4_starsUndercover Princes airs 7:30pm Thursdays on LifeStyle Channel.


  1. UnderCoverPrinces

    This series is awesome! By the way, Remi is a fake – the kingdom of Jaffna has ceased to exist since 1619. He has a nice website but his claims are just wishful thinking. Like most people he can’t trace his family tree back 400 years, but unlike most people he chooses to make it up.

    Can’t wait for series 2!

    • Seems like none could shake off their old ways for a chance at love either. And how run down was the palace in India? And we didn’t even see the one in Africa. The promo for S2 showed a prince with a hut. But the Polish prince is more of a looker.

  2. So far the gay prince (manny) has been able to pick up a date in 5 minutes without any need for pick up lines, and have the date come back to the house for some Yoghurt sucking fun.

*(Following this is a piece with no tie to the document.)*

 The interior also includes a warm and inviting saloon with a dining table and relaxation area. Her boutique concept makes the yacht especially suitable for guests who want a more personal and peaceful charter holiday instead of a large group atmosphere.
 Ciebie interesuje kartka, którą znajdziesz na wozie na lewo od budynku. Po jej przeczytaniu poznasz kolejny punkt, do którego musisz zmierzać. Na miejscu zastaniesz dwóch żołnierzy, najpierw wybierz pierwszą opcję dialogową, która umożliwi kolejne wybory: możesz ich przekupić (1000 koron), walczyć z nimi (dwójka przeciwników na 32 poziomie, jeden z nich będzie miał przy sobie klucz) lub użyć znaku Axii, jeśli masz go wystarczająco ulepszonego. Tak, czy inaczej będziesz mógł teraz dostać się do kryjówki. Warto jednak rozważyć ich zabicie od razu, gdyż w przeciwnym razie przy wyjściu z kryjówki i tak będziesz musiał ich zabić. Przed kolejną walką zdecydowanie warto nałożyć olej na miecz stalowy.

The reason for which Zulu was preaching the bible to manny over his cornflakes next day. The straight Princes have had no luck even getting a follow up date or a kiss. Me thinks Prince Sri-Lanka is a closet case as well (princess Diana was his idol) and Prince Africa Zulu is a cannibal and just wants some meat for his pot. (he says women are like hunting the enemy)

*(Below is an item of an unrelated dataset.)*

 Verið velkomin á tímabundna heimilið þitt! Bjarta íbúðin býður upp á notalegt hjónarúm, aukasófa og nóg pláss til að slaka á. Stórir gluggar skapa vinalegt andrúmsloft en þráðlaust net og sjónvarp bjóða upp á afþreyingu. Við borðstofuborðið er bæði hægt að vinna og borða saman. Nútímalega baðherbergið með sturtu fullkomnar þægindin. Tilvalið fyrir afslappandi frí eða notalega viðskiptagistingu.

  3. Glad they’re meeting their potential lovematches ‘undercover’. It could be a bit daunting if they turned up on their first dates in their costumes above. Although the gay prince with the flamboyant headwear and robe would not look out of place on Oxford Street during Mardi Gras!

    I’m glad you posted this story David. I get the Lifestyle Channel through Foxtel so will check it out this Thursday before my nightly fix of Q and A. Will have to tape the Amazing Race now I guess!

  4. That’s great, but would be interested in watching this show. Any chance it will be on Free to Air? Or at least for one episode until it gets pulled. LOL.

  5. Whoops, I watched one episode and found it vulgar and crass, just didn’t appeal to my sense of humour. Hard to believe these guys (sorry Princes) are for real.
    The only one I liked was the Sri Lankan Prince.
    The gay Indian Prince is an idiot with too much money and status and Africa is just looking for free sex….

  6. It’s a funny show. Mani’s a classic deciding that maybe he hasn’t had an opportunity to “experience a woman” even though he was married for a year, and thinks he should try out bisexuality. His mind’s quickly changed when he brings a man home to play with yoghurt, much to the disgust of the other two princes (who in my opinion also) rightly say that someone of royalty shouldn’t be filming their sexual experiences for all the world to see, and should be kept behind closed doors. There’s my occasional prudeness and conservative upbringing coming out! No doubt he’ll be executed when he returns to India! 😉 Africa is just after a slab of meat really that he can conquer, and the other one genuinely seems like a nice guy – but at the end of the day they are all just a bit try hard.

  7. “India’s Prince Manvendra staggeringly came out as homosexual in 2006. In a country where being gay is illegal, there were calls for him to be stripped of his title.”

    If you had been following the news you would have seen that the Delhi High Court recently legalised homosexuality!